In an ordinary person these changes of emotion would take time to evolve. But Fielding was like a man who’s been hypnotized so often that a snap of the fingers will put him under. A smell of the cork, a tilt of the bottle, and By God, I’ll teach those smug, hypocritical, patronizing bastards.
One of the young Negro men had approached the car and was kicking the right rear tire absently, as if he had no motive other than that the tire was there to kick and he didn’t have anything more important to do.
Fielding shouted through the closed window, “Get your black feet off that tire, coon boy!” He knew these were fighting words, but he knew, too, in that corner of his mind which still had access to the real world, that the insult had been muffled by the window glass and scrambled by the wind.

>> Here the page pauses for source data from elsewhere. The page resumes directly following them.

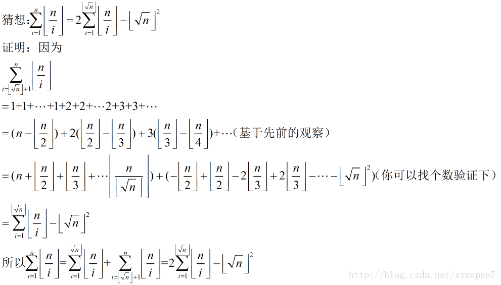 怎么计算sum{ [n/i] }?(1<=i<=n)(n<=2147483647)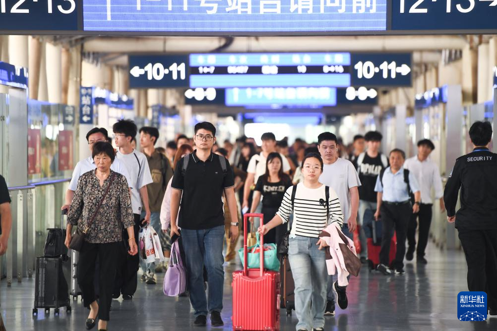 10月7日,旅客从南京火车站出行。新华社发(杨素平 摄)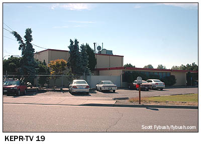 A few blocks north of the Clear Channel compound, just off the Lewis Street ramps from US 395, we find the market's CBS affiliate, Pasco-licensed KEPR-TV (Channel 19), as well as the former KEPR radio. The TV station is owned by Seattle-based Fisher Communications, which has signals in almost every Pacific Northwest market. The radio station next door, now news-talker KONA (610 Kennewick), is owned by Cherry Creek Broadcasting, which also has AC KONA-FM (105.3 Kennewick) and regional Mexican KZHR (92.5 Dayton) in this building.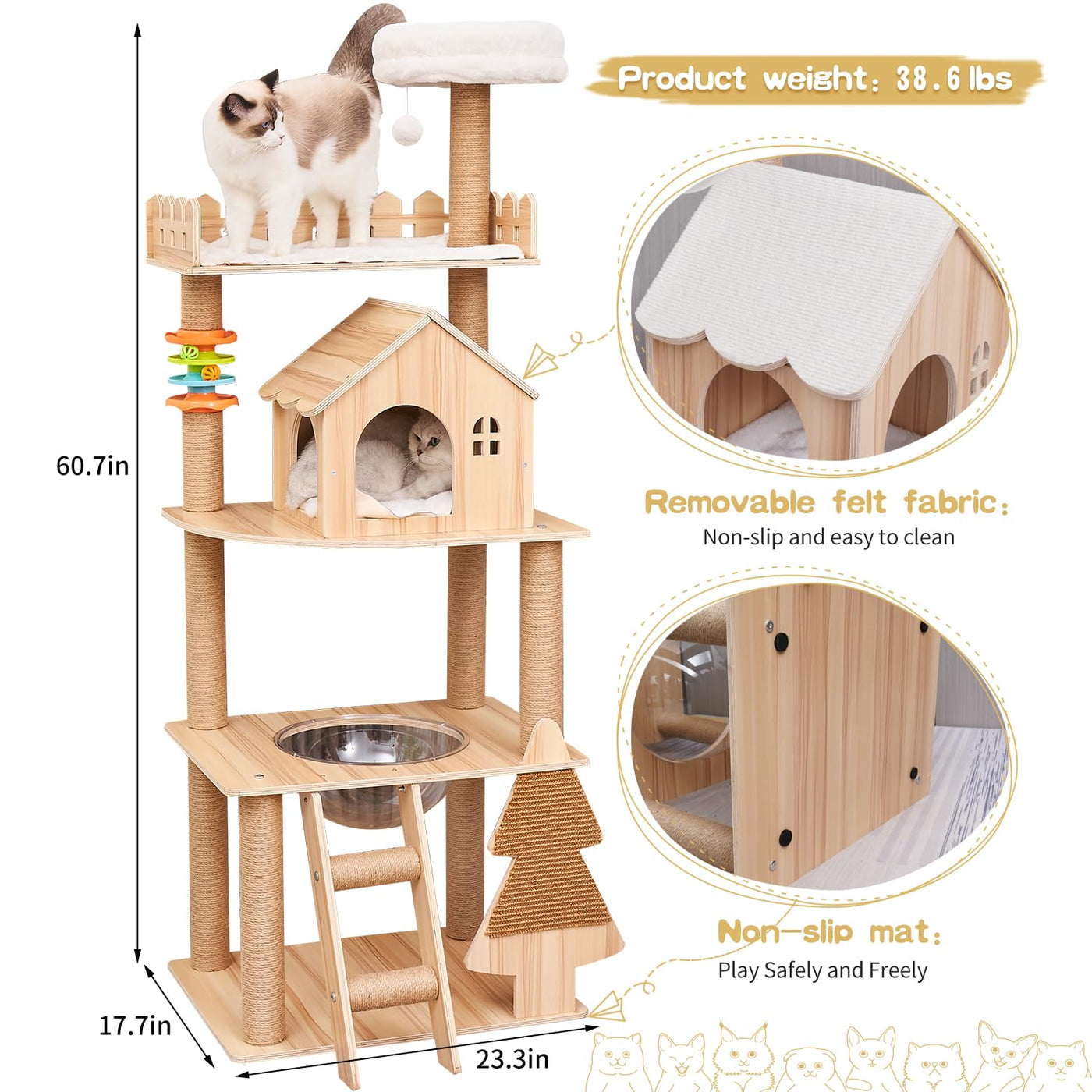 Our Deluxe Cat Lookout Tower Is A Multi-Functional Cat Tree Made Of Plywood, Designed To Provide Maximum Comfort And Entertainment For Your Beloved Pet. Allow Your Cat To Satisfy Their Natural Curiosity By Standing On The High Cat Lookout Tower, Gazing Into The Distance. The Spacious And Cozy Big Cat Nest Offers A Private Space For Relaxation, Keeping Your Cat Warm And Secure. The Sisal Rope Post Is Wrapped With Thick, Durable Sisal Rope, Promoting Healthy Nail Maintenance And Saving Your Furniture From Unwanted Scratches. Key Features: - Cat Tree Tower For Indoor Cats - Large Adult Cat Tower With Scratching Post - Cat Condo With Cozy Nest - Suitable For Large Cats - Durable Sisal Rope Scratching Post - Arched Cat Ladder For Easy Navigation - Promotes Healthy Nail Maintenance - Provides Endless Entertainment For Your Feline Friend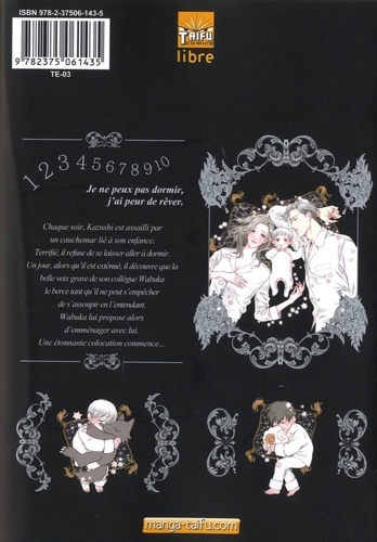 Je ne peux pas dormir, j'ai peur de rêver. Chaque soir, Kazushi est assailli par un cauchemar lié à son enfance. Terrifié, il refuse de se laisser aller dormir. Un jour, alors qu'il est exténué, il découvre que la belle mis grave de son collègue Wabuka le berce tant qu'il ne peut s'empêcher de s'assoupir en l'entendant Wabuka lui propose alors d'emménager avec lui. Une étonnante colocation commence...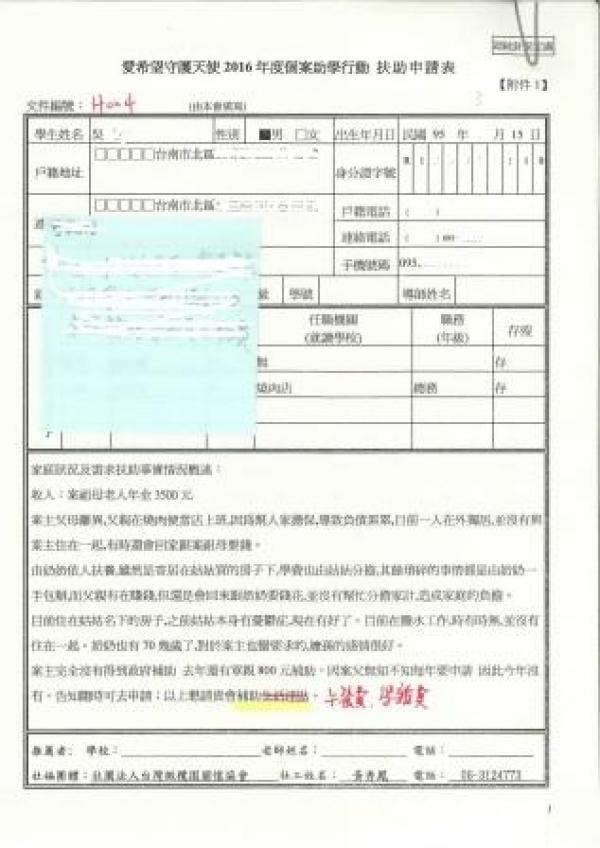 就讀台南市北區博愛國小 吳同學,案主父母離異,扶養權歸案父,案父在一間燒肉便當店工作,因為之前替別人擔保,導致負債累累,目前一人在外獨居,並未與案主同住,有時還會回家跟案主祖母要錢。

He pressed the starter button. The car gave a couple of forward lurches, then the engine died, and he saw that he hadn’t released the emergency brake. He released it, started the engine again, and looked in the rearview mirror to make sure the road was clear of traffic behind him. There were no nearby cars, and he was on the point of pulling away from the curb when he saw two Juanitas running down the middle of the road, barefooted, their arms flailing like windmills in a gale, their skirts ballooning around their thighs.